### EXERCISE OBJECTIVE
Reproduce exactly, and only, the lines below from the one containing "Και δεν σταματά" through the one containing "Een stop bij".
SUPPLIED RECORDS Block Start
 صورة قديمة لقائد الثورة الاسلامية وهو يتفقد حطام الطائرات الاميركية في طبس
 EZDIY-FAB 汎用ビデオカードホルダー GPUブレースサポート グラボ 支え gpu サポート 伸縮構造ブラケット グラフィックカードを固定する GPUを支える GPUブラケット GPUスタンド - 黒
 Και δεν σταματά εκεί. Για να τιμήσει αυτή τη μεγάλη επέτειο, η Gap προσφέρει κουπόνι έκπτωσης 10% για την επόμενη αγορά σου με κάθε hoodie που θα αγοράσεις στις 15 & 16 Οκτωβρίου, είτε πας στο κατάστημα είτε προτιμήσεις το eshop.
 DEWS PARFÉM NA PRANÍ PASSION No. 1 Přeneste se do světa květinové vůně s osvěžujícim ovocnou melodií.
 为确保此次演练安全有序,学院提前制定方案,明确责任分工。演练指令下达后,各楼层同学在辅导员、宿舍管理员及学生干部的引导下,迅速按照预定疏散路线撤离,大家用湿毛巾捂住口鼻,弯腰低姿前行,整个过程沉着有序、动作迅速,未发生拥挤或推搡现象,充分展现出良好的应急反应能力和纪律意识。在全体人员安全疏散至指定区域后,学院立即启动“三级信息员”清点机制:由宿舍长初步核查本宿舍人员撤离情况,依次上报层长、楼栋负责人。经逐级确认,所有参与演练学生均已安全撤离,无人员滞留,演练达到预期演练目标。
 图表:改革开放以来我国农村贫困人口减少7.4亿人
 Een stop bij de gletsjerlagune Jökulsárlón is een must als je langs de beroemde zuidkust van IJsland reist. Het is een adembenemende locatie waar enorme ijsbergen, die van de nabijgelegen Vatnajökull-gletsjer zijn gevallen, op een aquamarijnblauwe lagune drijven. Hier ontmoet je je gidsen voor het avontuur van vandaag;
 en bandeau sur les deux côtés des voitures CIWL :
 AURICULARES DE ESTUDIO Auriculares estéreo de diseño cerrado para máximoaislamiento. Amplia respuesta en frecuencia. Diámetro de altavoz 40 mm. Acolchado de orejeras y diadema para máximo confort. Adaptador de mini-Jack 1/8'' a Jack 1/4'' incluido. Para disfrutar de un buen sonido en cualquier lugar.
SUPPLIED RECORDS Block End
SUPPLIED RECORDS Block Start
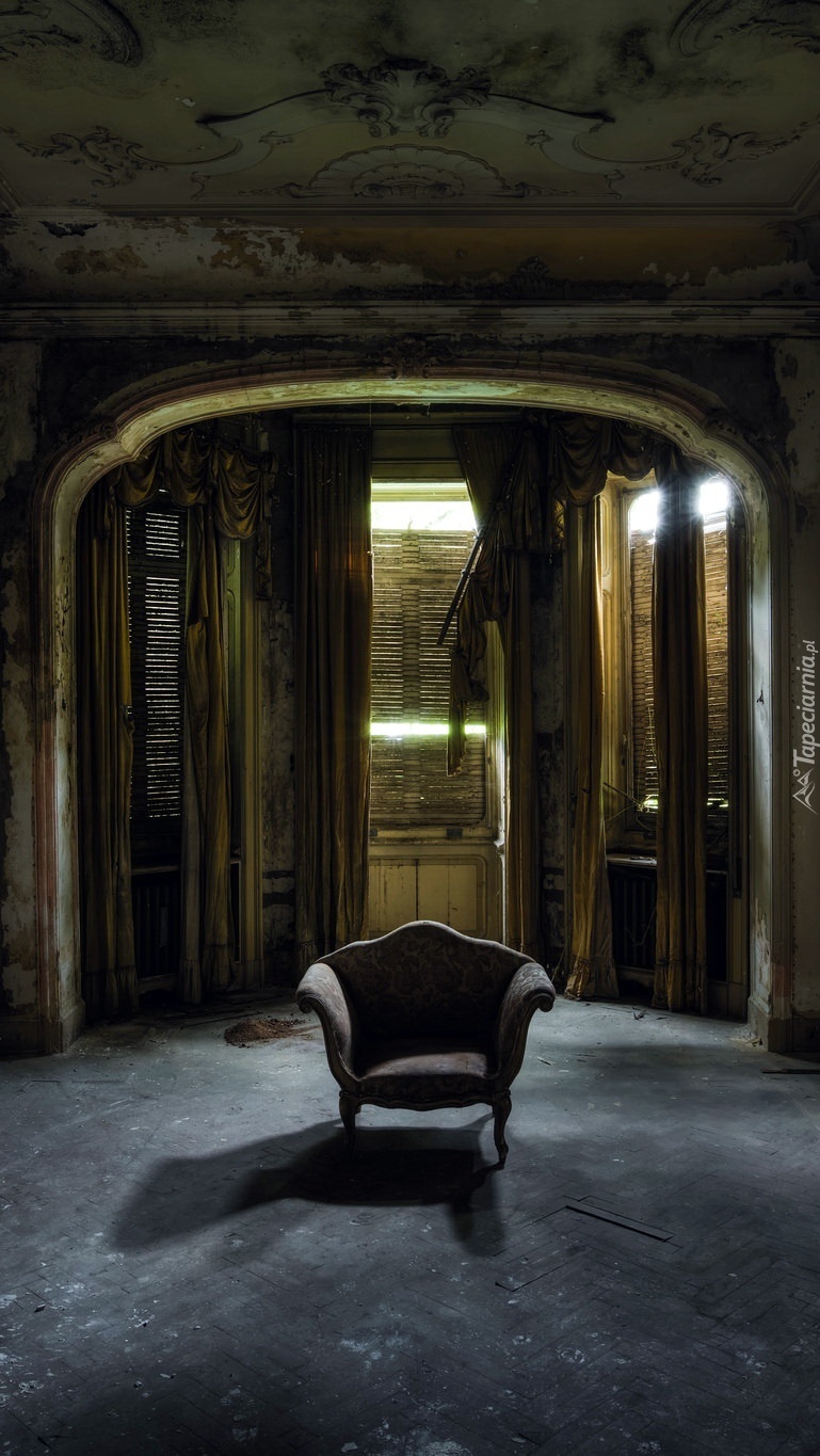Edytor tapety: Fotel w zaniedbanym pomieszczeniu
SUPPLIED RECORDS Block End
### TASK RESPONSE
 Και δεν σταματά εκεί. Για να τιμήσει αυτή τη μεγάλη επέτειο, η Gap προσφέρει κουπόνι έκπτωσης 10% για την επόμενη αγορά σου με κάθε hoodie που θα αγοράσεις στις 15 & 16 Οκτωβρίου, είτε πας στο κατάστημα είτε προτιμήσεις το eshop.
 DEWS PARFÉM NA PRANÍ PASSION No. 1 Přeneste se do světa květinové vůně s osvěžujícim ovocnou melodií.
 为确保此次演练安全有序,学院提前制定方案,明确责任分工。演练指令下达后,各楼层同学在辅导员、宿舍管理员及学生干部的引导下,迅速按照预定疏散路线撤离,大家用湿毛巾捂住口鼻,弯腰低姿前行,整个过程沉着有序、动作迅速,未发生拥挤或推搡现象,充分展现出良好的应急反应能力和纪律意识。在全体人员安全疏散至指定区域后,学院立即启动“三级信息员”清点机制:由宿舍长初步核查本宿舍人员撤离情况,依次上报层长、楼栋负责人。经逐级确认,所有参与演练学生均已安全撤离,无人员滞留,演练达到预期演练目标。
 图表:改革开放以来我国农村贫困人口减少7.4亿人
 Een stop bij de gletsjerlagune Jökulsárlón is een must als je langs de beroemde zuidkust van IJsland reist. Het is een adembenemende locatie waar enorme ijsbergen, die van de nabijgelegen Vatnajökull-gletsjer zijn gevallen, op een aquamarijnblauwe lagune drijven. Hier ontmoet je je gidsen voor het avontuur van vandaag;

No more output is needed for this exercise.